PROBLEM REQUIREMENTS » Output every line below exactly, please, omitting pictures.

GIVEN INFORMATION »

>>>

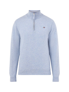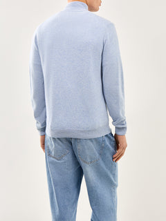 Superfine Lambswool Half-Zip Jumper Light Blue Melange
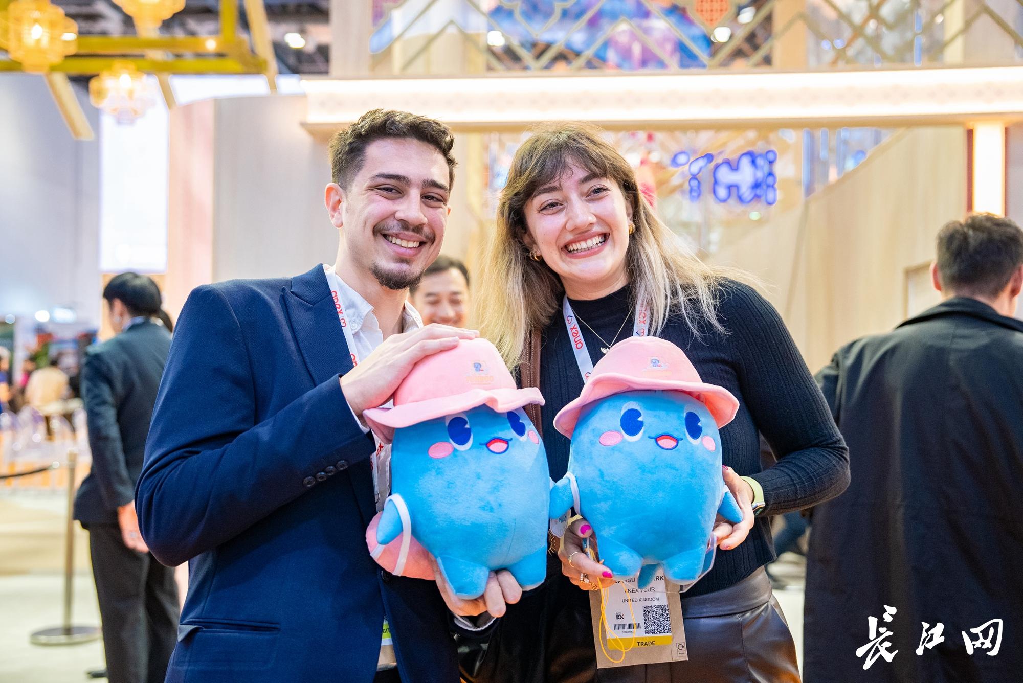 在伦敦世界旅游交易会上,拿到国际版《湖北·长江旅游护照》的外国嘉宾与江豚“豚宝”合影。 彭泉锦 摄
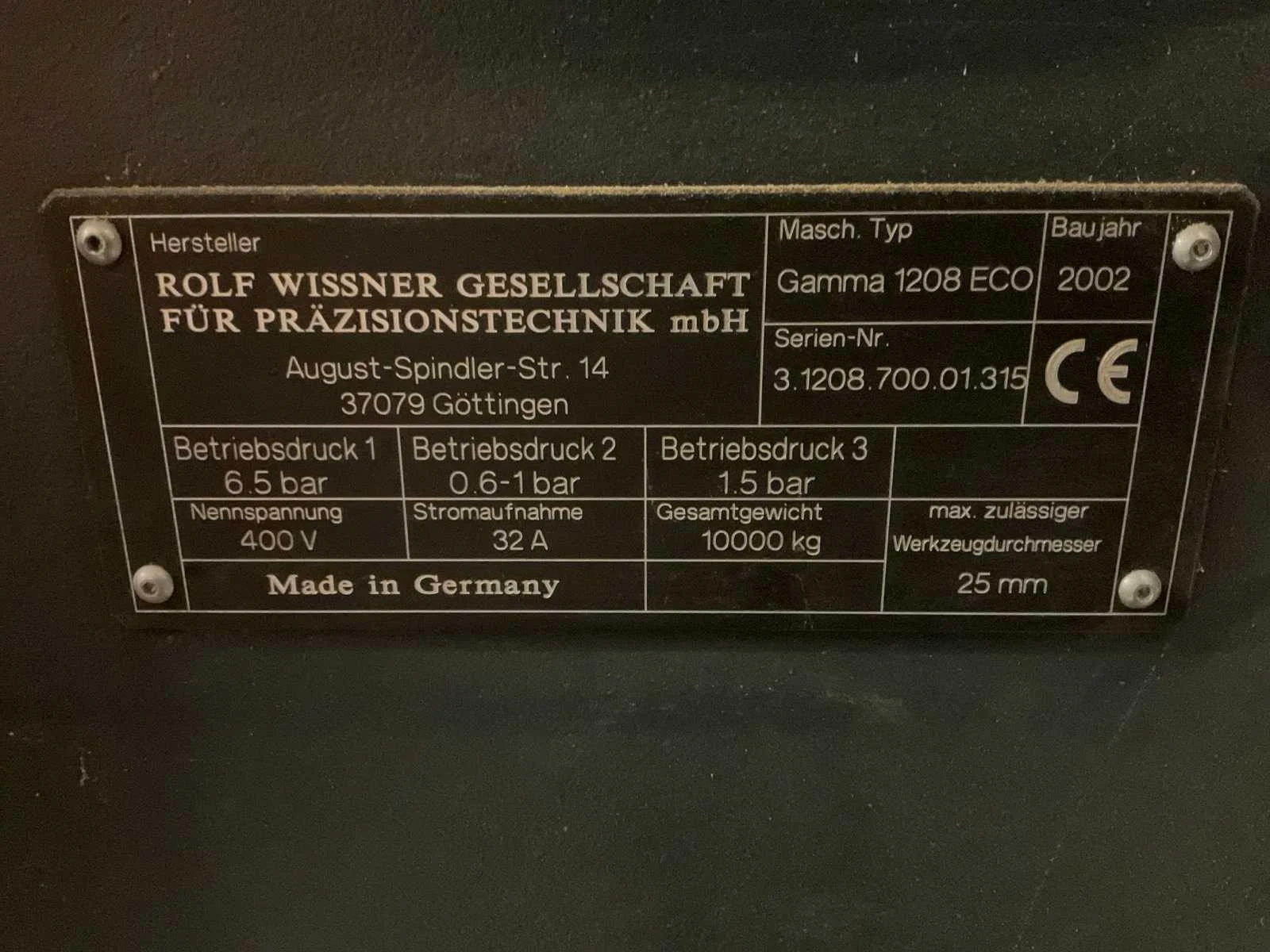 LET OP! besturingsysteem start niet op (programma/abonnement verlopen, tafel 1500x900mm, Nee Merk: Wissner Type: Gamma 1208 ECO Bouwjaar: 2002 Serienummer: 3.1208.700.01.315 Verplaatsing x-as: 1200mm Verplaatsing y-as: 800mm Verplaatsing z-as: 700mm Opname: HSK F63 Werkstuk gewicht max.: 860kg Motorvermogen (kW): 10kW Machinegewicht: 10000kg Afmeting l: 2200mm Afmeting b: 3150mm Afmeting h: 2500mm

<<<

EXPECTED ANSWER »
 Superfine Lambswool Half-Zip Jumper Light Blue Melange
 在伦敦世界旅游交易会上,拿到国际版《湖北·长江旅游护照》的外国嘉宾与江豚“豚宝”合影。 彭泉锦 摄
 LET OP! besturingsysteem start niet op (programma/abonnement verlopen, tafel 1500x900mm, Nee Merk: Wissner Type: Gamma 1208 ECO Bouwjaar: 2002 Serienummer: 3.1208.700.01.315 Verplaatsing x-as: 1200mm Verplaatsing y-as: 800mm Verplaatsing z-as: 700mm Opname: HSK F63 Werkstuk gewicht max.: 860kg Motorvermogen (kW): 10kW Machinegewicht: 10000kg Afmeting l: 2200mm Afmeting b: 3150mm Afmeting h: 2500mm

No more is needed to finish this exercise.